Which makes his advice to people who embrace both reason and faith a bit specious:

It is time for the reasonable adherents of all faiths to find the courage and stamina to reverse the tradition that honors helpless love of God — in any tradition. Far from being honorable, it is not even excusable. It is shameful. Here is what we should say to people who follow such a tradition: There is only one way to respect the substance of any purported God-given moral edict. Consider it conscientiously in the full light of reason, using all the evidence at our command. No God pleased by displays of unreasoning love is worthy of worship.

Having denied that reason and belief in a personal god can share the same head sanely, any more than cancer and health can share the same body, and that religion is a sort of brain dysfunction or atavistic relic, what grounds does he have to offer guidance to people who accept it as authentic and vibrant force in their lives?

If you're an intelligent person of faith, this must seem like the kind of moralistic scolding you detest. Does a person who disavows his own faith have the right to hector you about how to live with yours? Any more than a celibate priest has the right to order your sexual decisions?

You have to work every day to make the irrational and the rational bed down together under the same skull. That's faith. Faith comes a flare through the hollow of the ear, the thing that flows in from beyond what you know and can explain. It takes you where you're afraid to go. It sent Saul into a ditch and Thomas Merton to the Little Flower. It makes your hair stand on end.

I have some sympathy for the struggles involved in reconciling faith and reason. I don't feel that Dennett does, after reading all this, or that he thinks a co-existence is possible.

I would stand against your faith when it tries to enter my son's classroom, or invade my Constitution and my courts. When it perverts science and literature in the name of a prudish morality, I will be against it.

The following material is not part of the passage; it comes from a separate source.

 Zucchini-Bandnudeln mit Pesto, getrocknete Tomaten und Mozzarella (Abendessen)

But if your faith tells you you will meet your dead child again in another world, or you will live again in this one and have another chance to overcome what has dragged you into the dunghill, or that your suffering friend is at peace and in a better world than this when he closes his eyes, I have no desire to take that away from you. Not for anything. I don't think Ingersoll would, either.

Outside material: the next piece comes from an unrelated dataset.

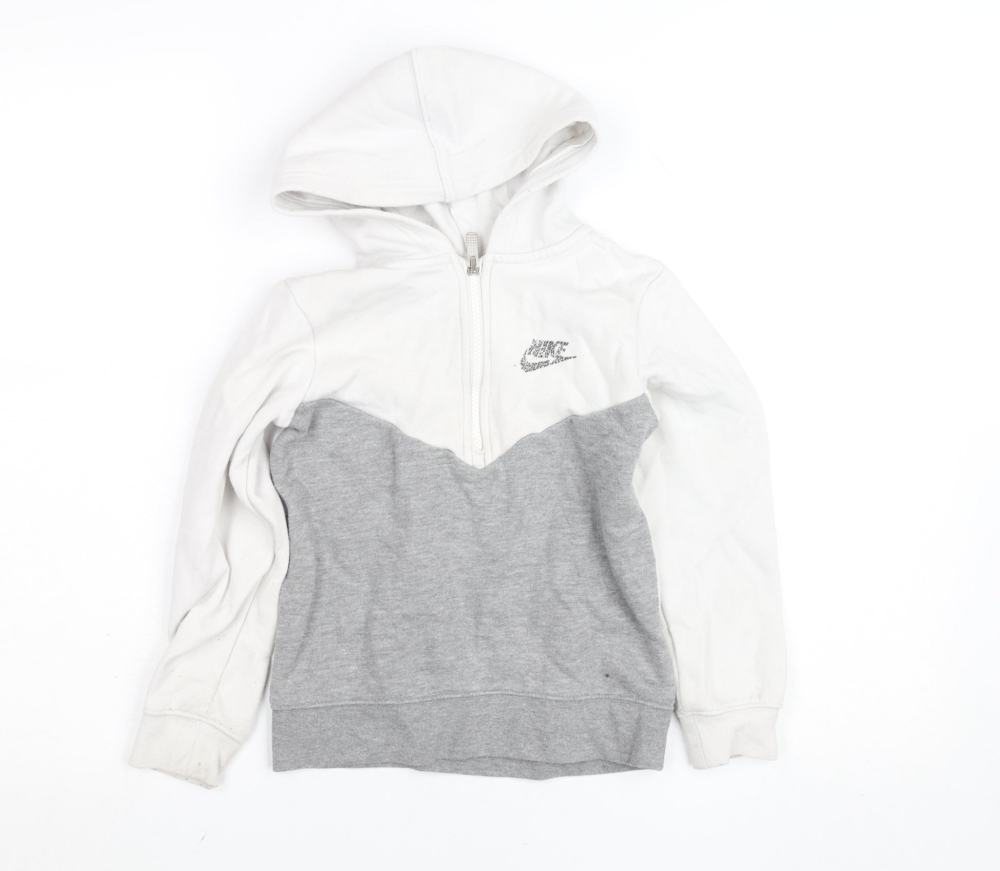 Keep your youngster feeling snug and sporty with this Nike boys' full zip hoodie in classic white and grey. Crafted from a soft cotton blend fleece, this hoodie delivers warmth, comfort and durability, making it perfect for everyday wear or active adventures. The full zip fastening allows for easy layering, while the cosy hood helps protect against chilly weather. Featuring Nike’s iconic swoosh logo across the chest, this hoodie blends signature style with practicality, reflecting the brand’s strong athletic heritage. Designed with a regular fit, ribbed cuffs and hem, it ensures a comfortable and secure feel while maintaining freedom of movement during playtime or outdoor activities. The soft brushed interior provides extra insulation and a gentle feel on the skin, ideal for cooler months and transitional weather. Its simple yet modern colourblock design in white and light grey guarantees effortless pairing with joggers, jeans or track pants, making it a versatile staple in any young wardrobe. Whether for school runs, weekend games, or casual outings, this hoodie embodies Nike’s commitment to comfort and performance. A must-have for active kids who love sporty apparel with everyday practicality. Light surface marks and minimal signs of wear are present but do not detract from its excellent condition. Perfect for parents seeking a reliable, fashionable and easy-care piece from a trusted brand enjoyed worldwide.

This critique of a program by Richard Dawkins (another hero of modern biology) suggests he is making some of the same mistakes.

Hollywood, of course, has been a faith-free zone for years. At least for humans who are not villains:

Despite the claims of the anti-religious crusaders - especially in the US - that the Christian right is on the rise, in fact in cultural terms it is increasingly marginalised. Films with a Christian message find it difficult to convey a powerful sense of faith and meaning. Instead, religious values and beliefs tend to be transmitted through non-human anthropomorphic forms. The attempt to endow even the behaviour of penguins with transcendental meaning - in the widely acclaimed March of the Penguins - is symptomatic of this theological illiteracy. The enthusiasm with which Christian organisations embraced March of the Penguins showed up their disorientation, if not desperation, rather than their aggressive confidence. After the penguin it is the turn of another animal - Aslan, the lion in the Narnia film - to serve as a symbol of innocence, sacrifice and resurrection. What beast will Christian filmmakers pick next?

Could you even make "Ben Hur" today? No Oil for Pacifists has some balance sheets on the good and bad that faithful Christans do in the world.